And looking at graphs and talking to people 40 years later just isn't going to cut it. We need to look at the primary sources. Something like a book is a secondary source. It is written after the fact by somebody compiling the information, and these are often very good, very useful, very dense. But they can't give us new insights into the things. The primary sources are the direct artifacts and information from that time contemporary we build our theories on.

It could be something like, I don't know, a book from 1978 about interviewing practice that suggests using linked lists to test algorithm knowledge. It doesn't have to be that contrived, of course, it can also be something like jokes, it can be something like emails, letters, postings, arguments, just anything that gives us a snapshot of what people were thinking and doing at that time. The downside to primary sources is that they're very messy. They're often missing, and they are not really written to be read by historians 40 years later. So we have to do work to both find them and interpret them.

My first guess for a primary source was a 1978 interview guide that suggests using linked lists. Unfortunately I was not that lucky. My next idea was to say, OK, people interviewing usually are looking for people with specific skills. They then ask questions related to those skills. So if we get an insight into what people were hiring for, we can get insight into what they need to find out and the kinds of questions they'd ask.

Who here has heard of Usenet? That's good. For those of you who haven't, the best way to sort of think about it-- and this is both very, very broad and also kind of a lie, Usenet is essentially a cross between a forum and an email newsletter. It's broken up into separate topics by newsgroup.

It started in the 1980s, which makes it very accessible for what we're trying to do. It started roughly the same time we're looking for. Additionally, it's almost all archived online. I could say go to the Museum of Living Computing History thingy downtown Seattle to maybe get more detailed information, but I don't live in Seattle, I live in Chicago. This is a lot more accessible to me.

So I downloaded Usenet dumps of net dot jobs from the Internet Archive focusing on 1982 to 1986. This covers about 2,000 messages, people both looking for jobs, people offering jobs, and people complaining about jobs. This isn't necessarily a perfect slice of the computing world, it's only pandering to people on Usenet, but nonetheless, it does give us a lot of insight.

And then what I did was I sat down and just read all 2,000 messages. And in doing so, I learned two things. The first thing is that, well, people didn't really care all that much about CS degrees. A decent number of places did ask for them, but plenty were fine with an electrical engineering degree, and plenty wanted no degree at all. This does go in line with what we know of the era. The number of bachelor's degrees started dropping dramatically starting like mid-1980.

And this was because, from the same report that I got this from, more and more companies cared much more about experience at that point than credentials. If you had program for five years, you were fine even if you didn't have the degree. And this kind of throws a wrench into the assumption it was about CS. If it really was about CS, people would be using questions that-- would also be wanting to have CS degrees, but they really didn't. That would suggest that it's more about thinking quickly, but we can't be sure, we have to keep digging.
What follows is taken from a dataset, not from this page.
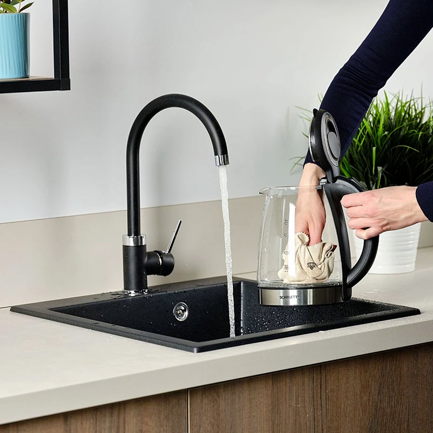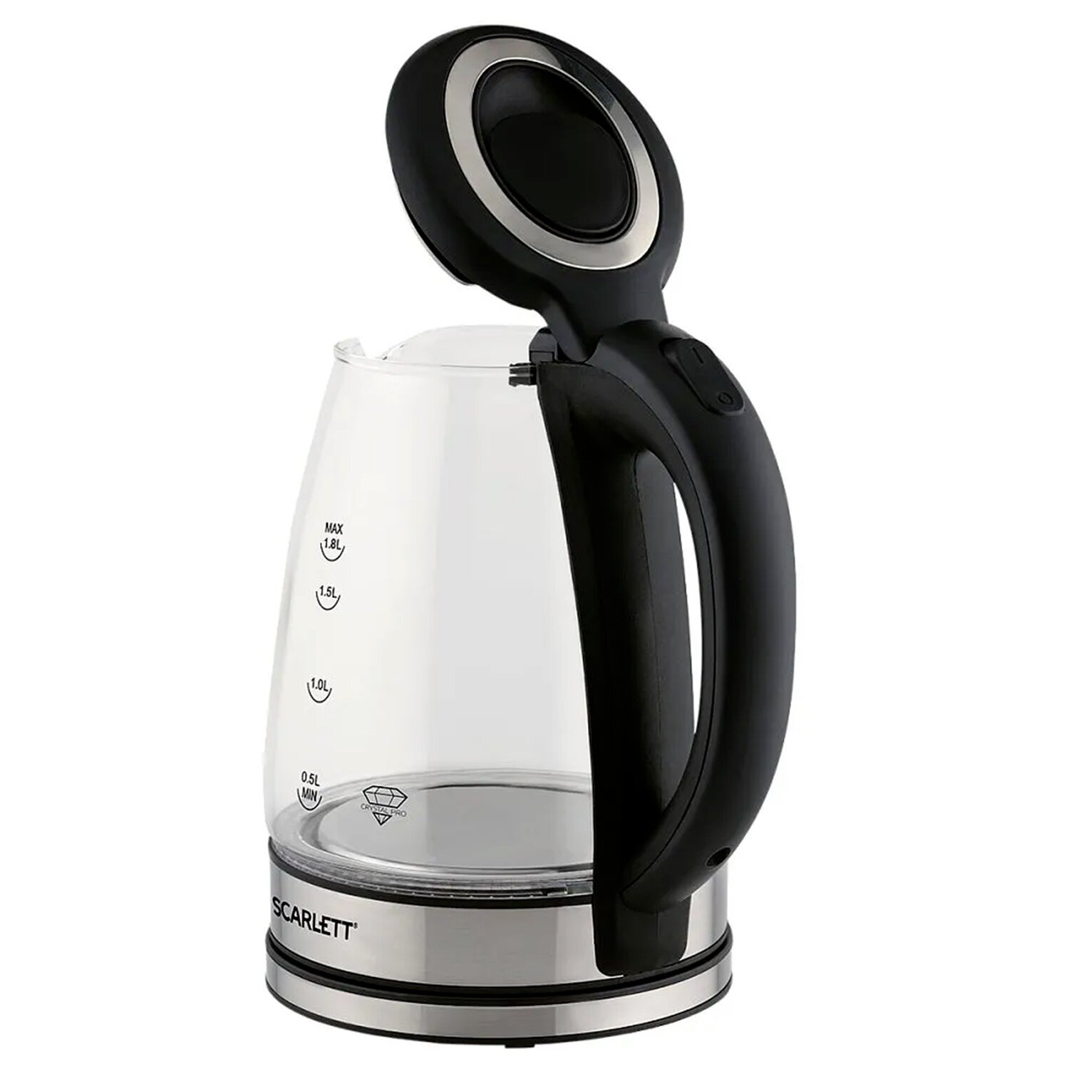 Чайник SCARLETT SC-EK27G88, 1,8 л, 1800 Вт, закрытый нагревательный элемент, стекло, черный

Now for the second thing, does anybody want to guess what the most popular language people were looking for was? Shout it out.

C.

Pascal.

C.

C. It was C. One in six job requests was for a C programmer. And actually, over half of them are for Unix programmers. Who knows what the second most popular was?

Assembly.

Fortran.

Pascal.

OK. I've heard a few. I've heard Assembly, Fortran, Pascal. It was actually Pascal. About 7% of jobs wanted that. Third was Fortran. Then all the Lisps combined. So we know people were hiring a lot of C and Pascal programmers at the time. And this is interesting. It gives us both an insight into what people were looking for, and we have that plus our original question, why do people ask linked list questions?

Maybe those two are related. If people were really using questions to find out what they needed from candidates, maybe there's something about C and Pascal that makes linked list questions more useful. And it turns out there is. Let's say you have not much memory and you want to dynamically allocate memory. At runtime, add to a data structure to get a bigger data structure.

Now how you do this really depends on the language you're working with. For example, in Fortran, you can't. Sorry, you can't do it. Everything is set at the allocated. If it's not big enough-- Fortran 77, I mean. If you can't do it, you're kind of stuck. With other languages, like Lisps and Smalltalk, you have pretty strong fundamental primitives to handle this for you. You may need to know some basic algorithms to say like-- to search for nodes or delete nodes, but a lot of the basic boilerplate is handled by the primitives.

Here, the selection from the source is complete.